- TD Ameritrade, Wells Fargo, and Axos captured more upside than downside
- Our Wealthsimple suite impressed with downside reduction
- Decisions in fixed income drive risk mitigation
In this article, we took a closer look at the upside and downside capture of our robo accounts over the trailing two-year period. Upside/downside captures are compared to an average return of the robo portfolios for the period. The overall trend is clear: most of the robo portfolios capture a proportionate amount of upside and downside. The upside/downside of the portfolios also highly correlates to the percent of equities in the portfolios, with the portfolios that contain a higher percentage of equities showing both higher upside and downside capture ratios.
TD Ameritrade stands out as one of the few portfolios that is capturing more of the upside than the downside.
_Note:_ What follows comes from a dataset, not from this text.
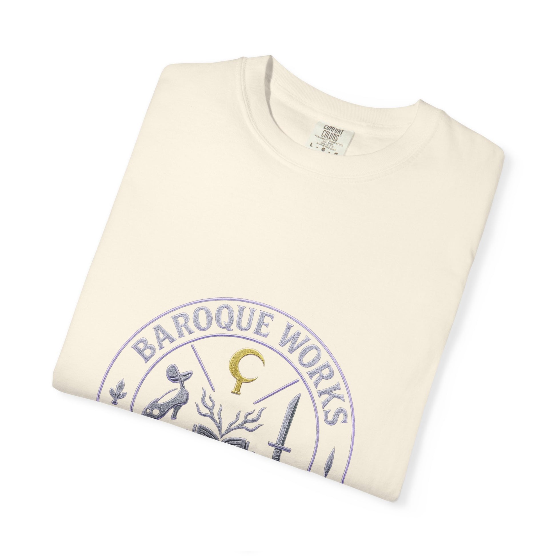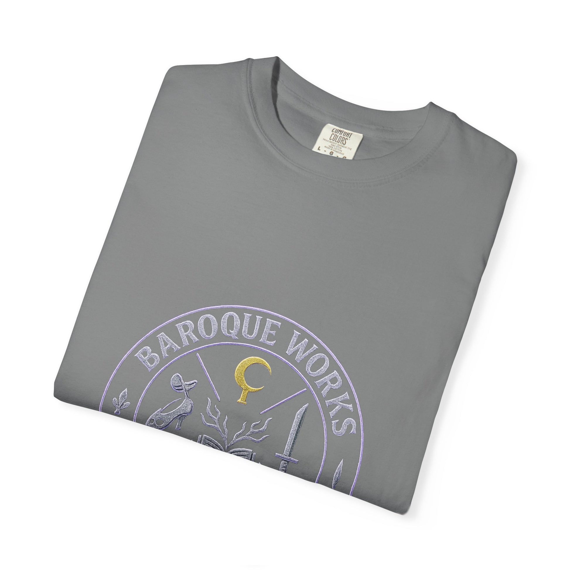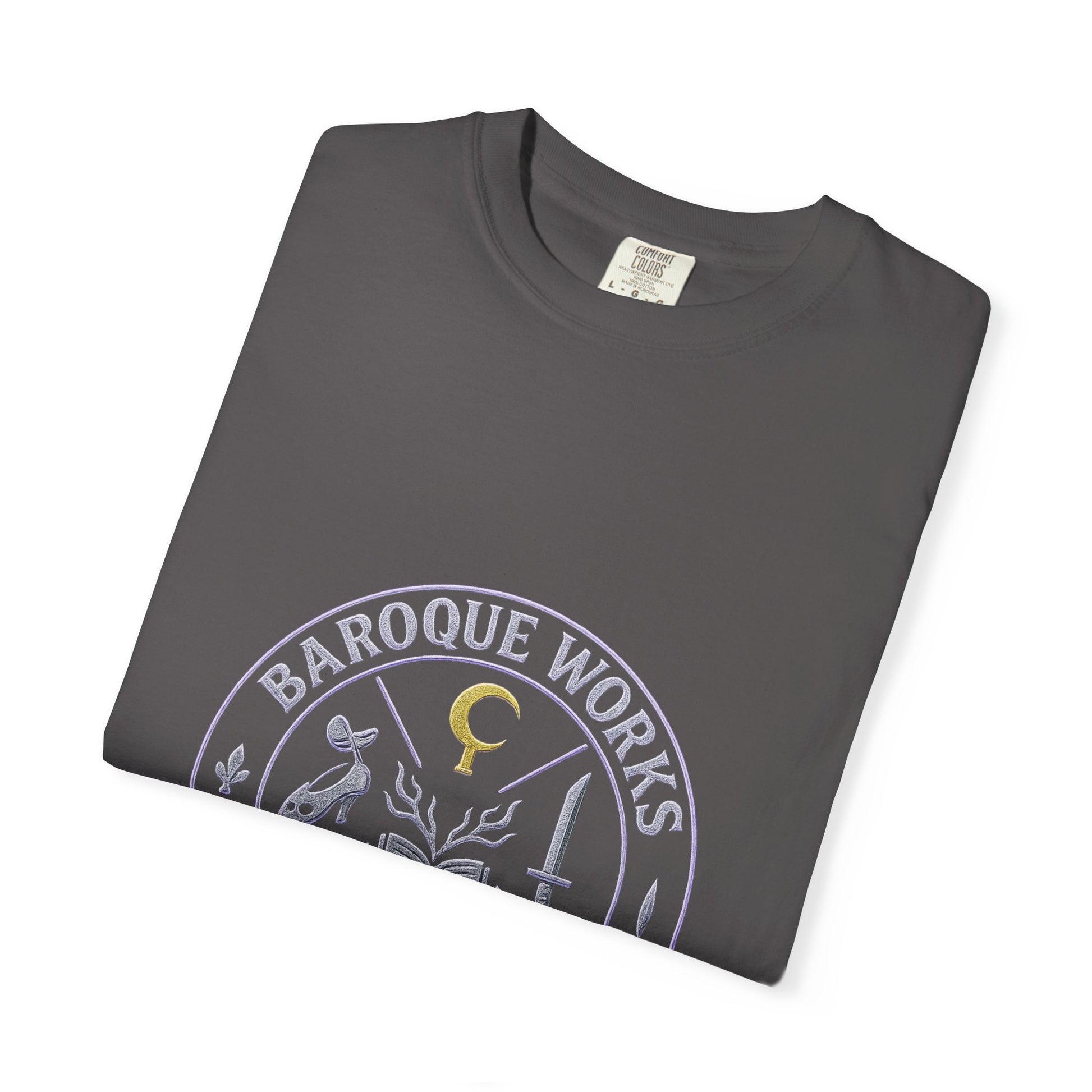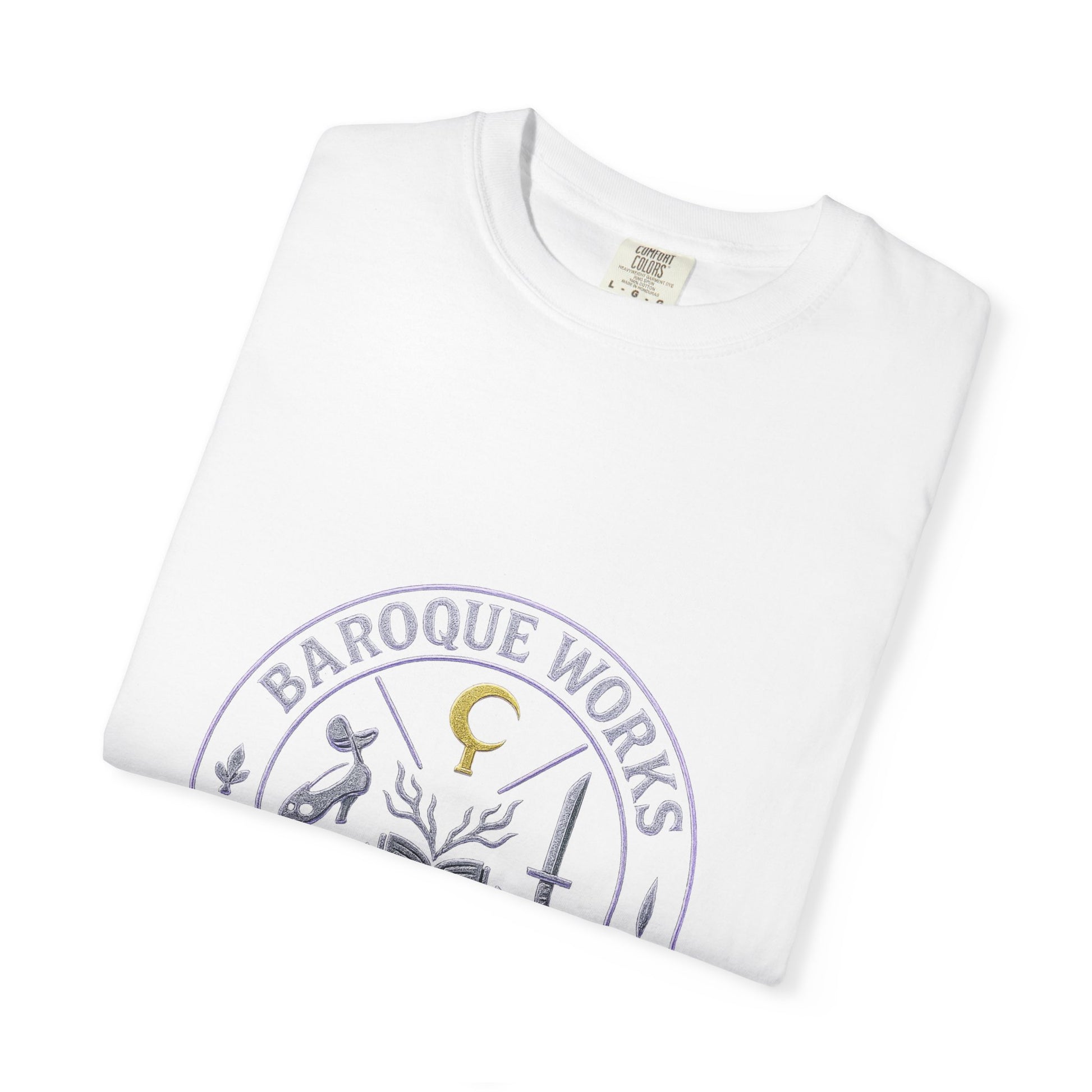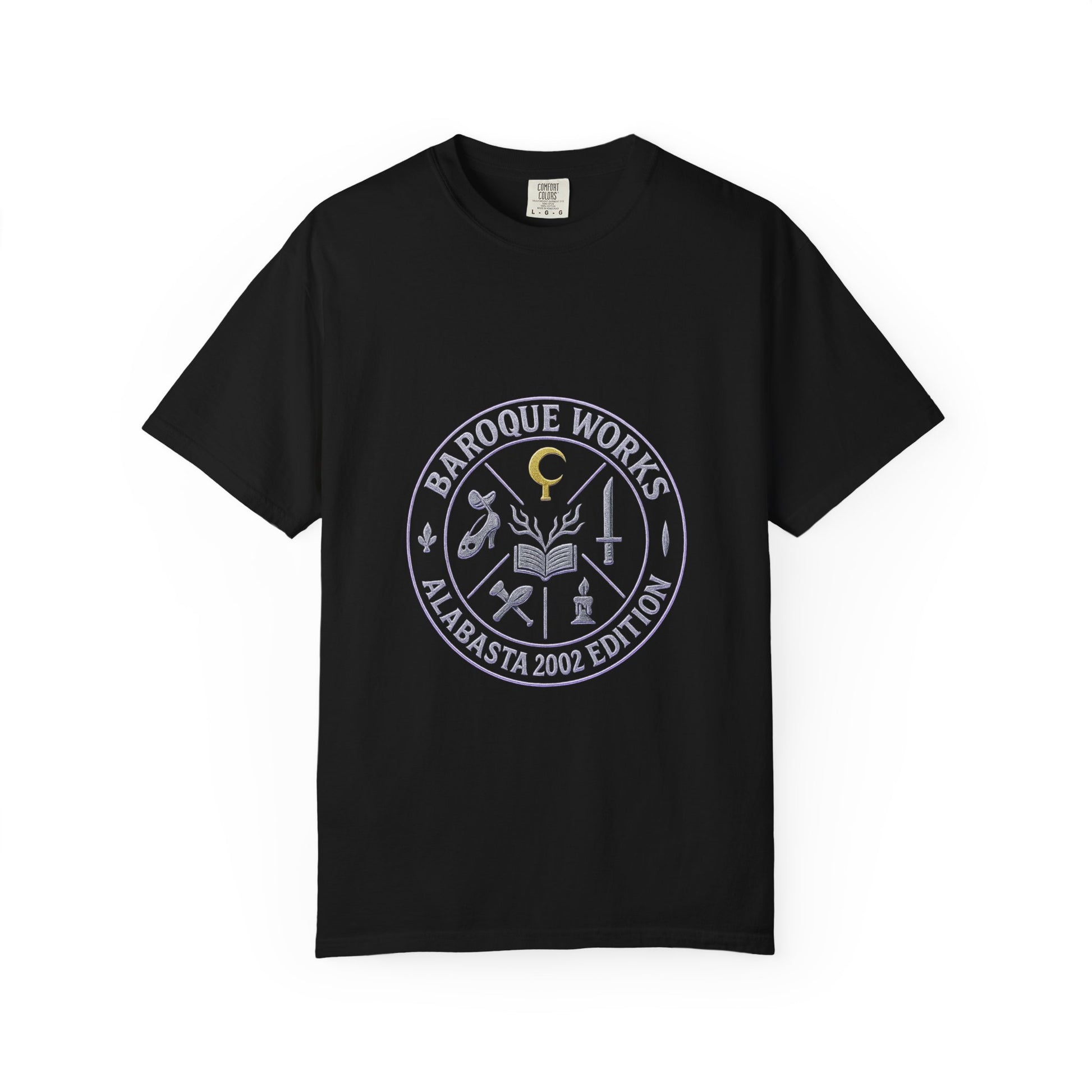 “Dance of Baroque” embodies the flamboyance and danger of Alabasta’s most eccentric villains. The front design presents a mafia-style crest, a circular emblem that encodes the syndicate’s power through symbols: Mr. 0’s golden hook, Mr. 1’s blade, Mr. 2’s slipper and mask, Mr. 3’s dripping candle, Mr. 4’s bat and pawprint, and Miss All Sunday’s open book with sprouting arms. Framed by the words Baroque Works – Alabasta 2002 Edition, the emblem glows in distressed chrome and neon purple, like a secret society seal.

TD relies heavily on a large-cap fund for its equity allocation. Domestic large caps have been one of the best performing areas of the market over the past two years. Additionally, the portfolio invests in a Barclays Aggregate Bond Index-tracking fund, which holds all investment- grade issues and relies heavily on treasuries. Both areas of the market have provided protections during the downturn.
Wells Fargo and Axos Invest also showed higher upside participation than downside participation. Wells Fargo holds a series of smart-beta funds on the equity side that may have helped them capture more upside than downside. Axos Invest has been one of the most active traders, executing both TLH trades and regularly executing rebalancing trades during the tumultuous previous months. With these rebalancing trades, Axos sold fixed income and purchased equities as markets fell. This may have contributed to the portfolio’s ability to capture more of the up than down market.
The Wealthsimple and Wealthsimple SRI portfolios both graph at the bottom end of the upside and downside chart. The Wealthsimple portfolio achieved the lowest downside capture while maintaining a nearly 60% equity allocation. Two factors drove these results. First, Wealthsimple now owns significant allocations to minimum volatility funds, which should damper both the upside and downside of the portfolio. The second factor is that Wealthsimple’s fixed income is long in duration and high in quality. These holdings performed well during the recent volatility, limiting the impact of that dramatic fall in equity markets.
Generally, results underscore the difficulty of portfolios to capture more upside than down side in the markets. Most robo portfolios are designed to be well-diversified and low cost, not to provide significant outperformance or asymmetric returns in up and down markets. We would not expect standard portfolios at most providers to effectively capture asymmetric upside and downside capture ratios.